Data shown:
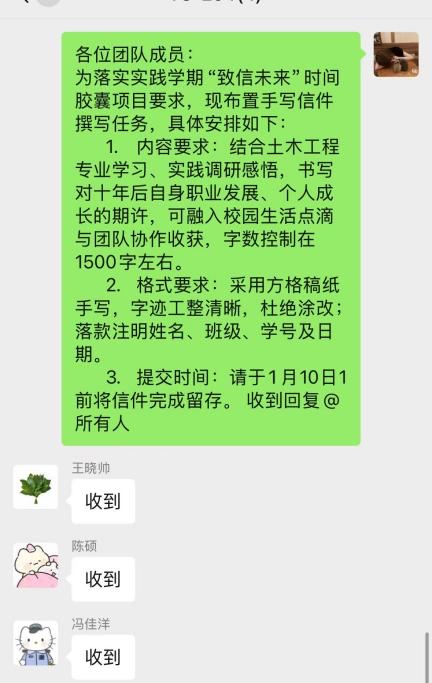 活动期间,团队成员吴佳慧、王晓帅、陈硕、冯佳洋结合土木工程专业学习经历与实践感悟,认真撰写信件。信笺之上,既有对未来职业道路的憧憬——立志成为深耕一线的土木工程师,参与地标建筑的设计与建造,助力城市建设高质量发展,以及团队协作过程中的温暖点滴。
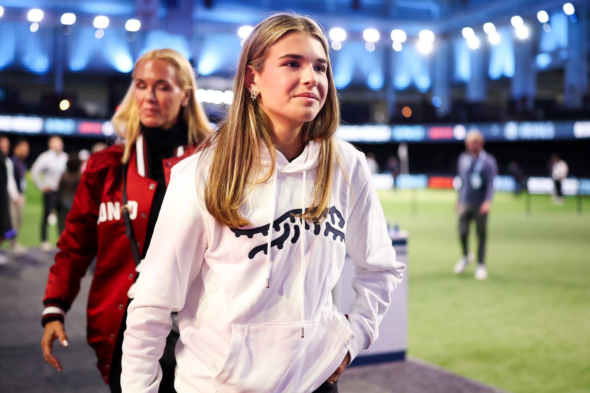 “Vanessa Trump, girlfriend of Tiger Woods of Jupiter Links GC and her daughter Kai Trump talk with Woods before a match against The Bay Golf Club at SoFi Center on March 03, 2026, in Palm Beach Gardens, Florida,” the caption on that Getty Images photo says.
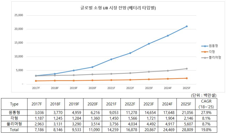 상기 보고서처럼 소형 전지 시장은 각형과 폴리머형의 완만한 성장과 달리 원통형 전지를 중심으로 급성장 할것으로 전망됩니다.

Problem to solve: Omit the pictures, then output the rest of the listing exactly.

Answer space:
 活动期间,团队成员吴佳慧、王晓帅、陈硕、冯佳洋结合土木工程专业学习经历与实践感悟,认真撰写信件。信笺之上,既有对未来职业道路的憧憬——立志成为深耕一线的土木工程师,参与地标建筑的设计与建造,助力城市建设高质量发展,以及团队协作过程中的温暖点滴。
 “Vanessa Trump, girlfriend of Tiger Woods of Jupiter Links GC and her daughter Kai Trump talk with Woods before a match against The Bay Golf Club at SoFi Center on March 03, 2026, in Palm Beach Gardens, Florida,” the caption on that Getty Images photo says.
 상기 보고서처럼 소형 전지 시장은 각형과 폴리머형의 완만한 성장과 달리 원통형 전지를 중심으로 급성장 할것으로 전망됩니다.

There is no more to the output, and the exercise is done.